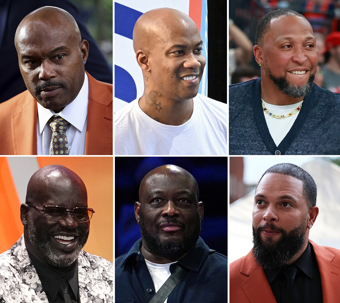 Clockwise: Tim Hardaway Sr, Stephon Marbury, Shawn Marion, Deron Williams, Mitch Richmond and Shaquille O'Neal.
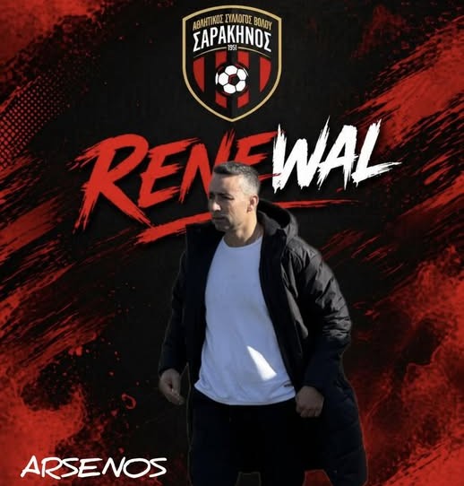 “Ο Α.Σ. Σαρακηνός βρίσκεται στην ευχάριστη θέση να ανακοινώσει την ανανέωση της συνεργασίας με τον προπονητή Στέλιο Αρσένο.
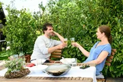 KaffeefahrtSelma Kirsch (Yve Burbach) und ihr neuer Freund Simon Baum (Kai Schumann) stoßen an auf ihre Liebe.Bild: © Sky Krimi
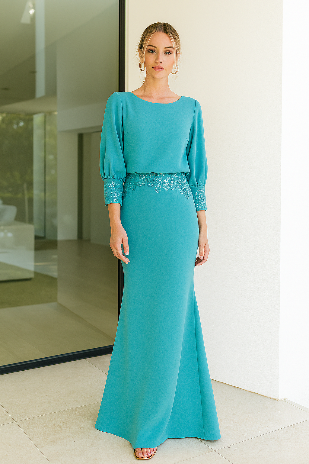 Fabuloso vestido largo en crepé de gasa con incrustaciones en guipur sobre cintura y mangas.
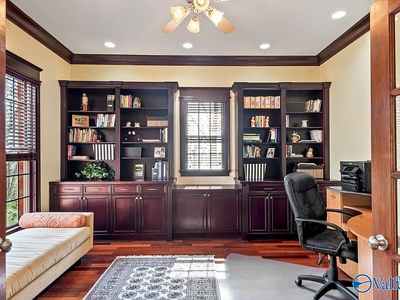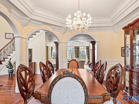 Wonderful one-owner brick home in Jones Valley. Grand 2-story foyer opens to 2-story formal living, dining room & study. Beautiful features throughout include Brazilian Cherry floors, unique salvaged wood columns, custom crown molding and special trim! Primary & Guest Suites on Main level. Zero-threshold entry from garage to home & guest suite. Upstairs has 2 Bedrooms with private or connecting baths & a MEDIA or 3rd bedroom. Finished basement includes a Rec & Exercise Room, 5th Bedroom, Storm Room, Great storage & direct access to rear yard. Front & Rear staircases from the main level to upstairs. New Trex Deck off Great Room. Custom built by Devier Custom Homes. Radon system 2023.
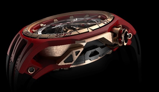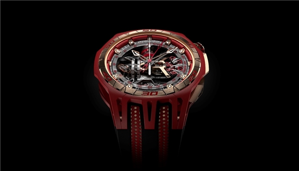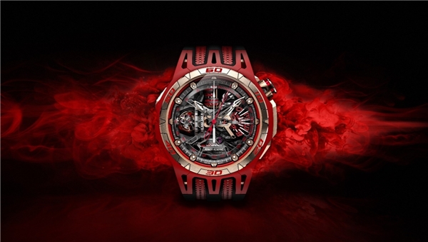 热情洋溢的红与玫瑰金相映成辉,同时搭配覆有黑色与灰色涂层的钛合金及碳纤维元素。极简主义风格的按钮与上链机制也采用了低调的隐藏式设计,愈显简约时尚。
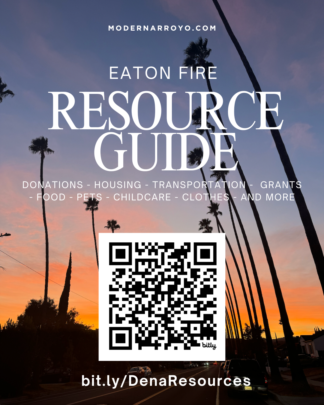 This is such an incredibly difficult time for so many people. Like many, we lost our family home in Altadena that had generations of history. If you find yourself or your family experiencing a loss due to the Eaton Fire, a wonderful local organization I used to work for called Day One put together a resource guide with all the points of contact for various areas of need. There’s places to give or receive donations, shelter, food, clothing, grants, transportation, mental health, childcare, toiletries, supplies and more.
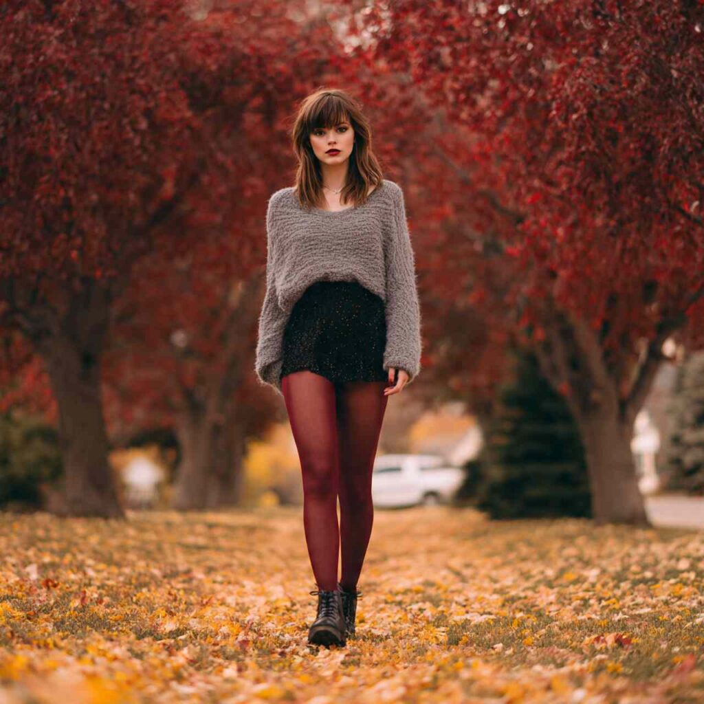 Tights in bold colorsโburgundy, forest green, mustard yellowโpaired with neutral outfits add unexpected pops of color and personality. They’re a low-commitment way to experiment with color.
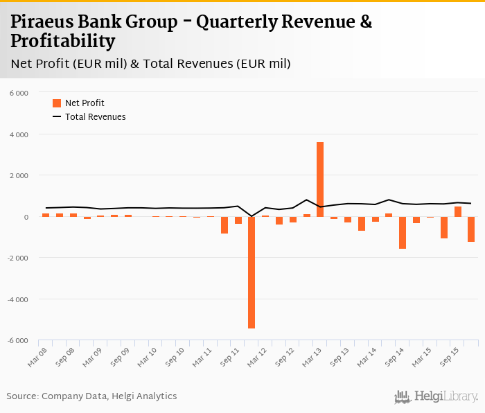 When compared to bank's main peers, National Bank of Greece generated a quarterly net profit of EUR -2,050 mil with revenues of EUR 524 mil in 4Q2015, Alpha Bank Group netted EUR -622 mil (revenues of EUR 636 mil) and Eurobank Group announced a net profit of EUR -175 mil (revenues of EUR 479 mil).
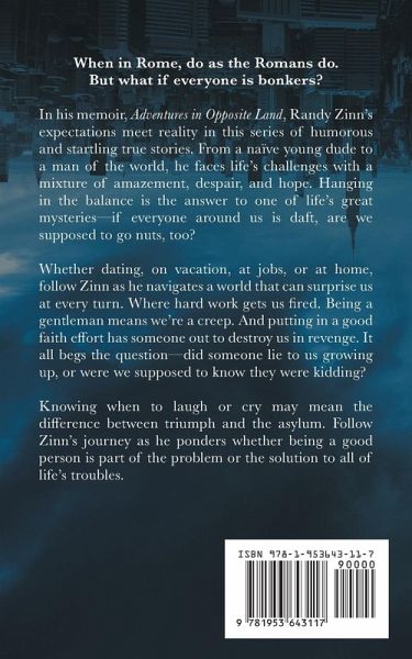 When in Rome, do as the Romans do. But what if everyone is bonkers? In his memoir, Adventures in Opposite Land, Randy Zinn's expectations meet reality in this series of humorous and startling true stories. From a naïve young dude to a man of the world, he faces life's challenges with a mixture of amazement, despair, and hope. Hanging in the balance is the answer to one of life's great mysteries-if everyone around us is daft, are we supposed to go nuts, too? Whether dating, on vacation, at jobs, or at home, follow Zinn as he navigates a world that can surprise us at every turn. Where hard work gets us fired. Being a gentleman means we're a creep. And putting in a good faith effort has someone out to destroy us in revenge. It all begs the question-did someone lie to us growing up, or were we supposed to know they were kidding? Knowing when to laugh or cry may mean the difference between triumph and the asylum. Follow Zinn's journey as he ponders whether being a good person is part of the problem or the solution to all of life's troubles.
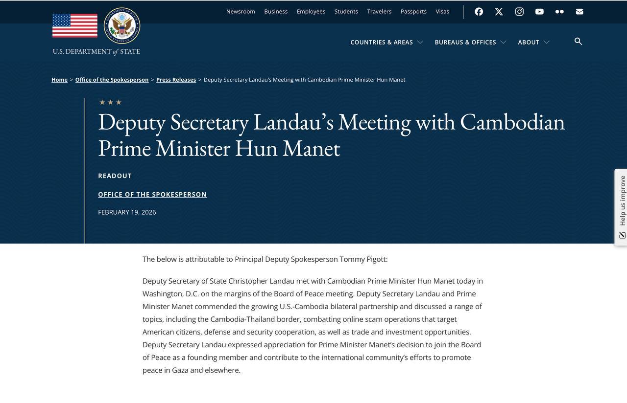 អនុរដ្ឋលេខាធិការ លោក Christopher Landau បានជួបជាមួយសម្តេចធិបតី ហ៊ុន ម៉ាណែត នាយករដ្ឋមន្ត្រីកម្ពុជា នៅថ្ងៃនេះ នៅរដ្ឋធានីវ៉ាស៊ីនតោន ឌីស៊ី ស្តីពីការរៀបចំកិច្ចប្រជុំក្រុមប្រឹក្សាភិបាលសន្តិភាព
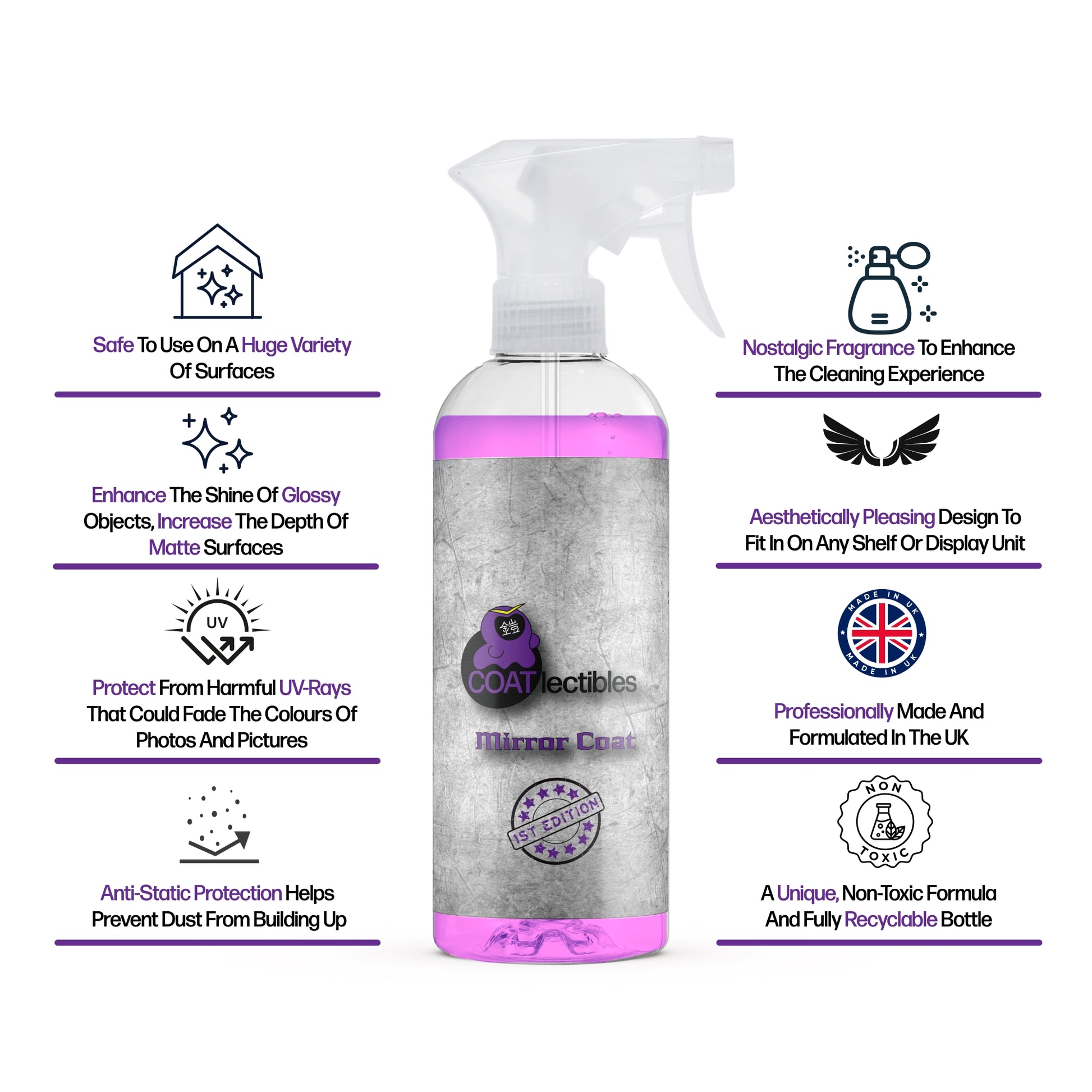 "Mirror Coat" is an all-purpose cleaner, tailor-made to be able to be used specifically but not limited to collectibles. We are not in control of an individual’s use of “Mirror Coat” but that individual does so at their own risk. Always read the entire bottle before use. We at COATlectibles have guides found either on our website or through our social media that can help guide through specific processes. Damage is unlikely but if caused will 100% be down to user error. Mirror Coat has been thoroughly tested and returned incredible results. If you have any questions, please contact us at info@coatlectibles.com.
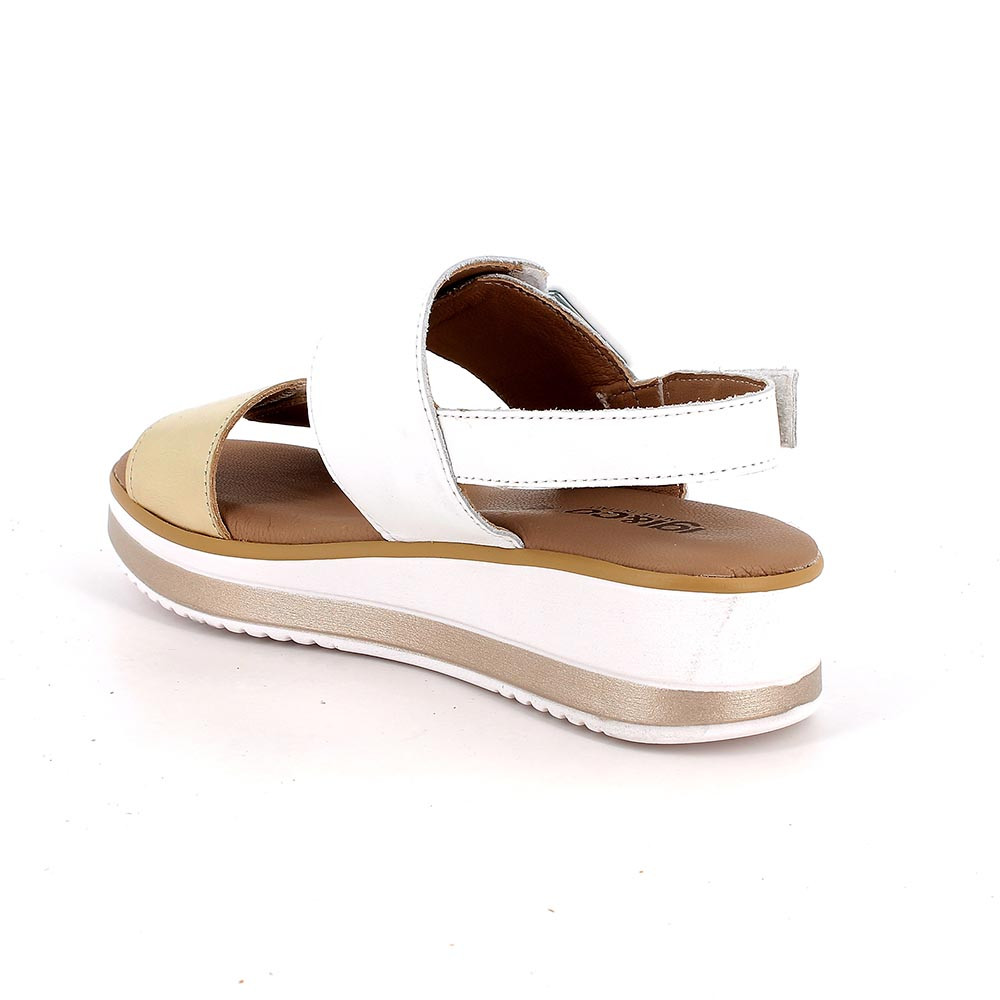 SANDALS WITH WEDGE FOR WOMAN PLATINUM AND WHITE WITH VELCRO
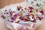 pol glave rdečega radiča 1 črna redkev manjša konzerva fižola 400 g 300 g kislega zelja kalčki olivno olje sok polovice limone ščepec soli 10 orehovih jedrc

--- EXERCISE DESCRIPTION ---
Exactly the lines from the one that contains "SANDALS WITH WEDGE" through the last line of the records should be set down, and the pictures should be dropped.

--- EXERCISE ANSWER ---
 SANDALS WITH WEDGE FOR WOMAN PLATINUM AND WHITE WITH VELCRO
 pol glave rdečega radiča 1 črna redkev manjša konzerva fižola 400 g 300 g kislega zelja kalčki olivno olje sok polovice limone ščepec soli 10 orehovih jedrc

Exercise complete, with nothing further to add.